Small Wars Journal

Read Different

Mon, 08/04/2008 - 12:59am
Dr. TX Hammes (Col, USMC Ret.), long-time friend of SWJ, enjoins readers to "read different" in the latest issue of Armed Forces Journal.

Since the early 1990s, the defense industry has been talking about the revolutionary technological changes taking place across society. It has worked hard to ensure we know what those changes are and how they are affecting national security. Yet, the industry rarely talks about the fundamental requirement to change the way we think in order to understand the implications of the technological and social changes we face...

...The authors of these works highlight aspects of how the world has changed. This forces us to change how we frame problems, how we organize to deal with them and even how to get the best out of our people. For instance, if one still saw the world as a hierarchy, then one looked for the "leadership" of the Iraqi insurgency in 2003. Yet if one saw the world as a network in which emergent intelligence is a key factor, then one quickly saw the networked insurgent entities as they evolved an emergent strategy in Iraq. Our ability to adjust to the rapidly changing future security environment will, to a large degree, depend on our ability to understand the world as it is rather than as we have been taught to understand it. Reading these 12 books should help.

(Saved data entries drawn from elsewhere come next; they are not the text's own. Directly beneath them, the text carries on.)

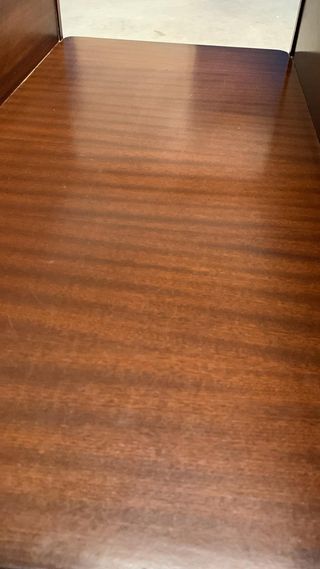 Conjunto de dos mesitas de noche de madera. Diseño clásico con un cajón y un estante. Tirador redondo en cada cajón. Son un poco más oscuras de lo que parecen en la foto. Miden 60 cm alto x 42 cm ancho x 35 cm profundo. El pack de las dos juntas por 30€. Nota: hay una cómoda a juego en mi perfil
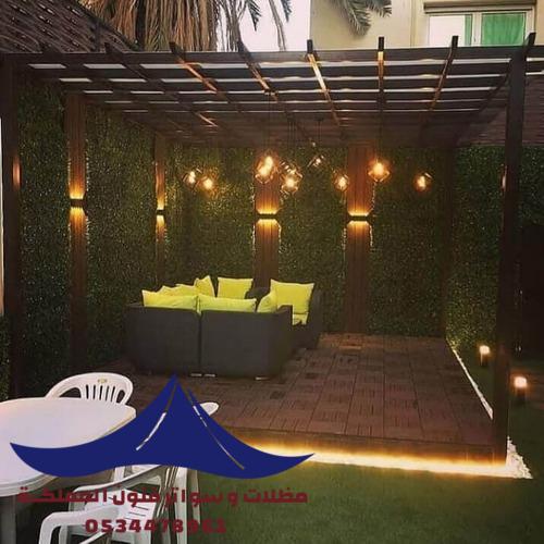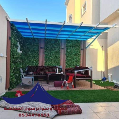 مظلات للجلسات الخارجية للحدائق واسطح المنازل والفلل في الرياض تصاميم جلسات خارجية بأرقى التصاميم بأرخص الأسعار من مظلات وسواتر فنون المملكة .
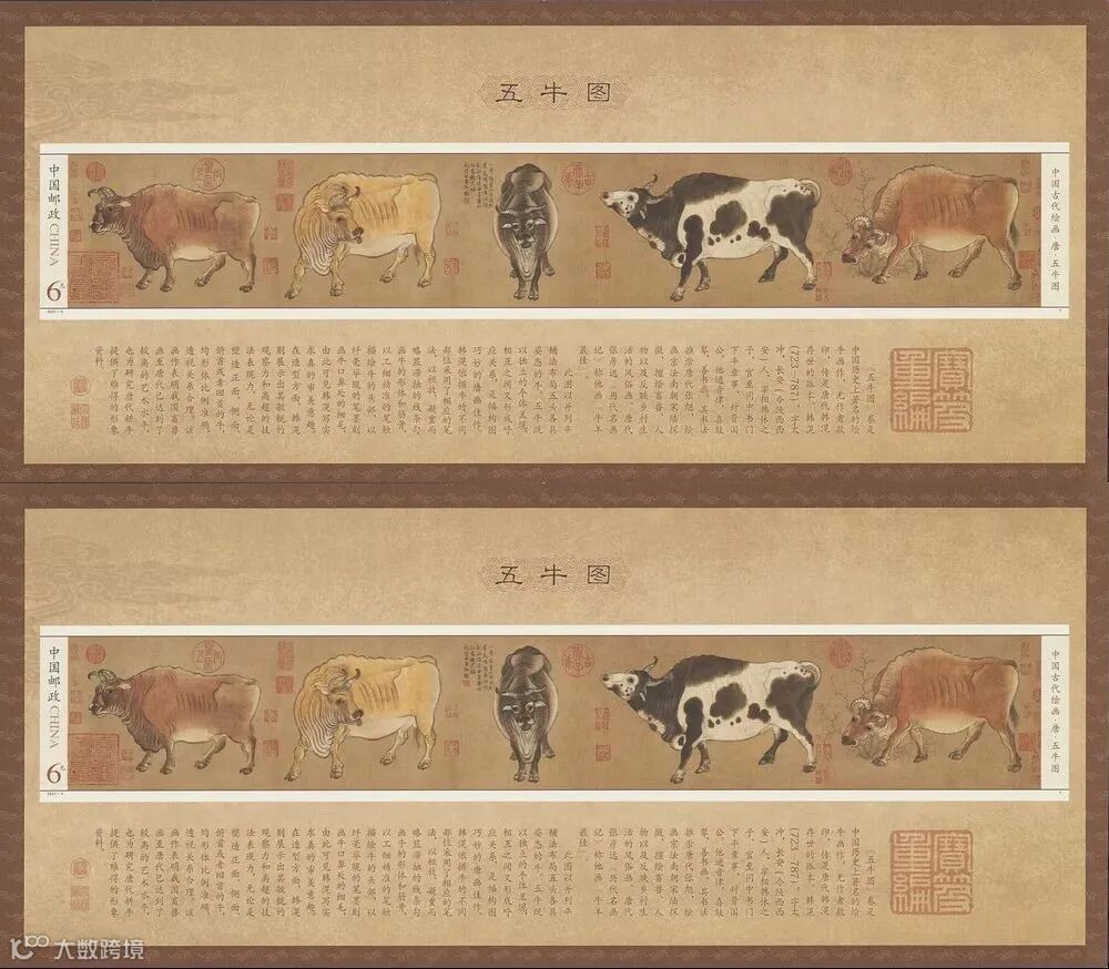 如果说中国古代书画作品如同浩瀚星河,那么《五牛图》就是这段历史中璀璨的恒星。将古画以邮票形式珍之、藏之,方不负此等美景。《五牛图》赏析册正是对《五牛图》这一经典的延续与致敬,它让更多的人走进《五牛图》、走进中国历史,了解韩滉、了解他所处的时代。《五牛图》系列产品,通过不同的产品将几千年的历史文化积淀呈于方寸天地之间,让您透过邮品感受到《五牛图》以及中国古代绘画的魅力,致敬经典、集邮会友。

Continue on to AFJ for TX Hammes' read different reading list.

Comments

Schmedlap (not verified)

Mon, 08/04/2008 - 10:52am

There is also a very good (very long, too) list in this month's issue of Proceedings. Several people each recommend two books and the recommenders are a virtual who's who list of heavy-brained folks on par with the authors for the SWJ blog listed in the column to the right. Unfortunately, I do not see it on their website, so I cannot post a link, but it is on page 48 of the current (August) issue.

Side note: also a good article in the same issue about the SOUTHCOM Commander urging junior officers to "read, think, write - and publish" with the editors pointing out former Admirals who wrote articles in Proceedings as junior officers "without negative repurcussions to their careers."